NOTE: Please see the following bug about gluster-blockd. I had to edit the file deploy/kube-templates/glusterfs-daemonset.yaml and change GLUSTER_BLOCKD_STATUS_PROBE_ENABLE to 0
Now, using the gk-deploy command I run the following (NOTE: you may need to run it with –single-node if you’re using minikube)

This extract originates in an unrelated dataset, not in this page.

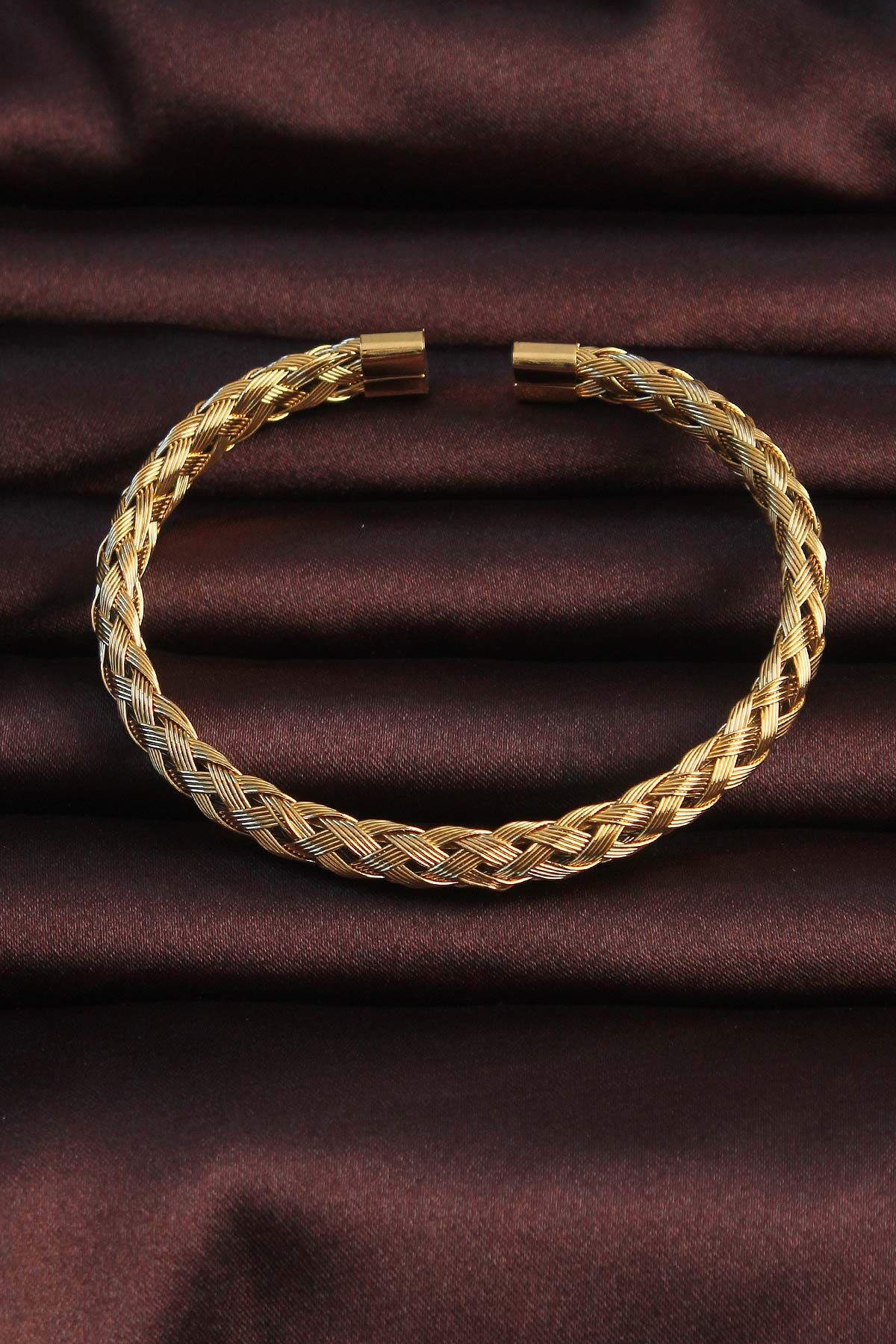 316L Çelik Altın Renk Kalın Yassı Örgü Model Erkek Bileklik

$ ./gluster-kubernetes/deploy/gk-deploy gfs.json -g \ -c kubectl -n glusterfs -w 1200 --no-object -y
You will get a message that it’s complete and you can verify that all the pods are running
$ kubectl get pods -n glusterfs NAME READY STATUS RESTARTS AGE glusterfs-bfhqx 1/1 Running 0 12m glusterfs-hwb98 1/1 Running 0 12m glusterfs-xpc2r 1/1 Running 0 12m heketi-7495cdc5fd-b6s82 1/1 Running 0 4m11s
Now you need to create the storageClass based on the service address. Using my example yaml as a template; I created the following spec. (Note that I got the resturl by running the kubectl get svc -n glusterfs command and looking at the heketi service address)
apiVersion: storage.k8s.io/v1beta1 kind: StorageClass metadata: name: gluster-container provisioner: kubernetes.io/glusterfs parameters: resturl: "http://172.30.59.174:8080" restuser: "admin" volumetype: "replicate:3"
Now you should be able to see the storageclass
$ kubectl get sc gluster-container NAME PROVISIONER AGE gluster-container kubernetes.io/glusterfs 21s
Testing gluster
I will be using tha same deployment as before; I will modify it to reference the new storage. First I verify it’s running
$ kubectl get pods -n test NAME READY STATUS RESTARTS AGE upload-bb9df669f-twmq6 1/1 Running 0 65s
Now using my pvc template for gluster; I created a pvc. And just like rook, gluster creates the pv on the fly to satisfy my pvc request.
$ kubectl create -f https://raw.githubusercontent.com/christianh814/kubernetes-toolbox/master/resources/examples/glusterfs-sample-pvc.yaml -n test persistentvolumeclaim/gluster-pvc0001 created
Checking my pvc status, I see that I have storage bound
$ kubectl get pvc -n test NAME STATUS VOLUME CAPACITY ACCESS MODES STORAGECLASS AGE gluster-pvc0001 Bound pvc-8ed0bbfc-4538-11e9-8da3-001a4a16011b 1Gi RWX gluster-container 7m14s
Next, I used kubectl edit deploy/upload -n test to edit my deployment to specify the new gluster volume. In the end my deployment looked like this.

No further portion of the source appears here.